Azure環境の整備
目的
OpenAIのモデルをクラウド環境にデプロイして、APIにプログラムからアクセスできるようにしたい。
クラウド環境においてOpen AIのモデルをデプロイしたいのであれば、Azureが現状では唯一の選択肢となる。
前提
Azureのアカウントを既に持っているものとする。
個人で試すには、Azureの無料アカウントが利用できる。
また、組織でAzureのテナントを持っている場合もあるだろう。
Azure OpenAI
OpenAIのモデルに関しては、Microsoft Azure上でデプロイできる。
Microsoft Azure上で、OpenAIの利用を申請していれば、OpenAIのモデルをデプロイして使うことができる。
Azureのリソース作成する際には、どのリージョンに作成するかを検討する必要がある。
Azureのリージョンごとに、使えるモデルが微妙に異なる。

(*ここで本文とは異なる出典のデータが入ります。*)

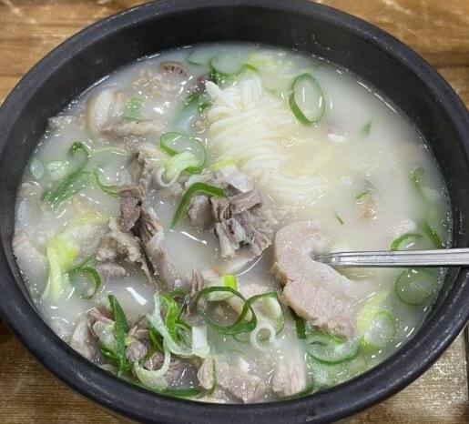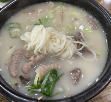 돼지 사골과 좋은 재료를 오랜시간 고아 보약같은 국물로 햐얗고 뽀얀 국물이 인상적으로 수십년의 전통을 이어온 맛집으로 화학조미료를 사용하지 않고 순수하게 육수를 만든다고합니다.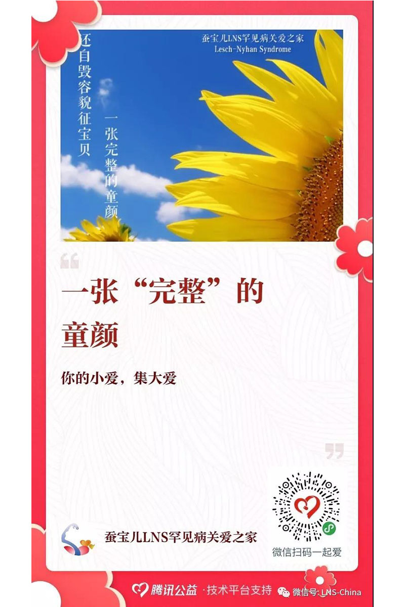 每一个LNS宝贝都不公平的来到世界上,但这并不意味者他们被视而不见!我们蚕宝儿LNS罕见病关爱之家旨在不断找寻LNS患儿,做大我们的群体,凝聚患儿集体的力量,让我们身影被看得见、让我们的声音被听得见!希望可以汇聚媒体、医务工作者、药企、科研机构等的力量,让LNS的诊断和治疗有些许突破,让我们的孩子少一些痛苦、享受到快乐的童年!

このあたりの情報については、ドキュメントを見ても追いついていないことが多いので、Azure CLIを使って情報を取得するのが確実である。コマンド az account list-locations でリージョンをリストアップしたあと、az cognitiveservices model list –location japaneast のように各リージョンを指定して、利用可能なモデルのリストを取得することができる。例えば、2024年7月23日現在、gpt-4oが使えるリージョンは、以下の通りである。
name regionalDisplayName
southafricanorth (Africa) South Africa North
australiaeast (Asia Pacific) Australia East
japaneast (Asia Pacific) Japan East
koreacentral (Asia Pacific) Korea Central
southindia (Asia Pacific) South India
canadaeast (Canada) Canada East
francecentral (Europe) France Central
germanywestcentral (Europe) Germany West Central
norwayeast (Europe) Norway East
polandcentral (Europe) Poland Central
swedencentral (Europe) Sweden Central
switzerlandnorth (Europe) Switzerland North
uksouth (Europe) UK South
westeurope (Europe) West Europe
brazilsouth (South America) Brazil South
eastus (US) East US
eastus2 (US) East US 2
northcentralus (US) North Central US
southcentralus (US) South Central US
westus (US) West US
westus3 (US) West US 3
リージョンによって、どれくらいのレイテンシーが発生するかはマイクロソフトのドキュメントに記載がある。日本と北米あるいはオーストラリアとの間では、およそ100ms以上のレイテンシーが発生するが、LLMのレスポンスが数秒以上かかることを考えれば、さほど気にはならないだろう。
以下は、いくつかのOpenAIリソースを作成した状態である。リソース名がエンドポイントのURLに使われることに注意して名前を付ける必要がある。[テナント名]-[リージョン名]としておけば、分かりやすく、かぶることも少ないだろう。リソースが所属するリソースグループについては、必ずしもリソースと同じである必要はない。ここでは簡単のため、japaneastリージョンにopenaiリソースグループを1つ作成し、OpenAIリソースは全てそこに所属させることにした。作成した各リソースについて、異なるAPIキーが発行されることに注意する。
モデル名だけを見ていると、混乱することがある。小文字のモデル名とバージョンの組み合わせで確認する必要がある。例えばGPT3.5-Turbo(バージョン0613)の最大入力は4,096だが、バージョン1106だと16,385となっている。GPT3.5-Turbo-16k(バージョン0613)の最大入力が16,385だったが、同等の性能で半額になっているので、GPT3.5-Turbo-16kを選ぶ理由はない思われる。これを知らないと、つい-16kが付いたモデルを高性能だと思って選択してしまうかもしれない。同じ性能を持つモデルであっても、バージョンアップするごとに、費用が安くなっている。各モデルの費用は、以下の通りである (100万トークンあたりの料金)。
実際に利用可能なAPIを立ち上げるには、Azureポータルから、OpenAI Studioという別のサイトに移動して、特定のモデルをデプロイする必要がある。
ここで注意すべきことがあるとすれば、クオータの調整である。デフォルトの設定だと、クオータにすぐ達してしまい、レスポンスが返ってこないことがある。そこで、「1分当たりのトークンレート制限」を最大に設定した。デプロイの種類で「標準」と「グローバル標準」が選べるときは、「グローバル標準」を選択した。これによって、トラフィックが分散され、クオータが増えることになる。
モデルがデプロイできたら、プレイグラウンドで動作確認をすることができる。
また、「コードを表示」からPythonなどのサンプルコードを表示させることができる。
ローカル環境にPythonのopenaiライブラリーをインストールし、APIキーを環境変数として設定すれば、PythonコードからAPIを利用することができる。
実際の使用にあたっては、いくつかパラメータを調整した。temperatureは0、max_tokensは2048とした。